Londra – Ragazzini che si azzuffano per strada, che oltraggiano le forze dell’ordine. C’è chi si scaglia contro coetanei, chi preferisce saltare sul cofano della macchina della polizia, ed infrangerne il parabrezza. Immagini che si riversano sulle piattaforme di video sharing, media che per primi sono stati capaci di conferire visibilità globale anche a questi gesti, media bersagliati da istituzioni italiane ed estere e ora condannati dalla polizia del Regno Unito.
Il caso del momento è stato scatenato da un programma BBC , che nella puntata di questa settimana ha battuto i portali di video sharing per denunciare la dilagante presenza di clip che mostrano violenze fra adolescenti, catturate dai telefonini dei presenti. Se BBC si limita ad esprimersi in toni indignati, sono le forze di polizia ad accodarsi alle recenti proposte del ministro all’Educazione Johnson, sostenendo la responsabilità dei servizi di condivisione video sui contenuti pubblicati dai netizen .
“Sono responsabili per il contenuto dei prodotti che offrono, ne traggono profitto”, questa l’opinione di Brian Moore, dell’ Association of Chief Police Officers . Un controllo editoriale invocato per garantire una Rete più sicura, che non offra ai ragazzi dei modelli poco virtuosi da imitare e con i quali confrontarsi. Un controllo da operare dall’alto per facilitare il lavoro delle forze dell’ordine , che non intendono servirsi della collaborazione degli utenti delle social network, ma vorrebbero che fossero i responsabili delle piattaforme di sharing a segnalare preventivamente e ufficialmente eventuali contenuti che costituiscano prova di un reato.
Il controllo editoriale invocato da Moore si basa sul confronto tra i bilanci della polizia, costretta a razionalizzare le spese, e quelli degli opulenti colossi dell’online che, foraggiati dagli inserzionisti, traggono profitto dall’operato offerto gratuitamente dai netizen . Le forze dell’ordine, insomma, ritengono che non spetti loro il compito di impiegare personale per operare controlli, ma spetti alle aziende che fanno dei contenuti condivisi dagli utenti un redditizio modello di business, senza offrire garanzia alcuna al pubblico.

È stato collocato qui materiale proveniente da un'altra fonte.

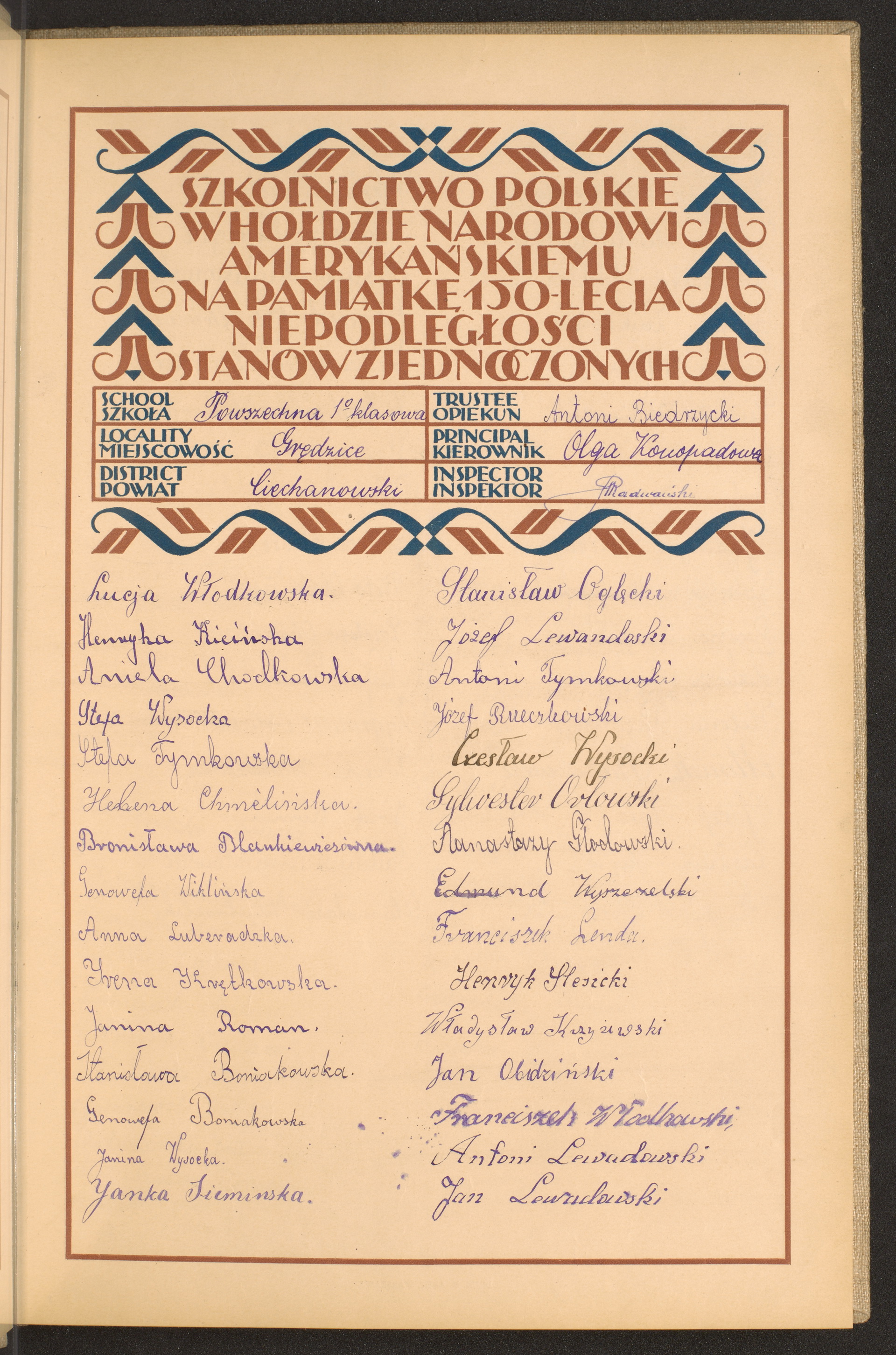 szkoły powszechne i gimnazja; powiaty Ciechanów - Częstochowa

E senza offrire garanzia alcuna agli inserzionisti come Pepsi o eBay, che, racconta Times Online , iniziano a manifestare disappunto e a chiedere la rimozione dei propri annunci affiancati a contenuti violenti o politicamente scorretti, contenuti che nessuna azienda vorrebbe che i consumatori associassero al loro brand.
La stessa BBC ha raccolto la risposta di YouTube, che, senza discostarsi dalle linee guida che regolano i rapporti con gli utenti, afferma che il controllo è affidato alla community, riservandosi di rimuovere i video segnalati solo a posteriori , in quanto il controllo preventivo è ritenuto una forma di censura. A differenza di Liveleak, piattaforma che sottopone a controllo editoriale i contenuti e tende a pubblicare anche quelli più violenti in quanto documenti di “vita vera”, YouTube ripudia ogni forma di contenuto che possa offendere o arrecare danni alle persone, e affida alla comunità il compito di vigilare sulla comunità stessa.
Una comunità di utenti che, chiosa il portavoce di YouTube, “solo in minima parte cerca di violare le regole”, che solo in parte è composta da adolescenti che, sostengono i pediatri, supportano i coetanei e le loro più violente ed eccessive spavalderie.
Il resto degli utenti appare abbastanza responsabile nel controllo dei propri pari, un principio sul quale si fonda la collaborazione in Rete, ma che non accontenta il personale docente di una scuola nei pressi di Portsmouth, nella quale si sono verificati episodi di bullismo filmato. “YouTube è completamente privo di regole” ha dichiarato un docente al Telegraph . “Senza registrazione è possibile accedere al video, ma non al pulsante per segnalarne l’inappropriatezza”: un ostacolo che ha spinto il personale scolastico a rivolgersi alla polizia per richiedere la rimozione, che, vista la natura della clip, YouTube avrebbe probabilmente effettuato anche in seguito ad una segnalazione ordinaria.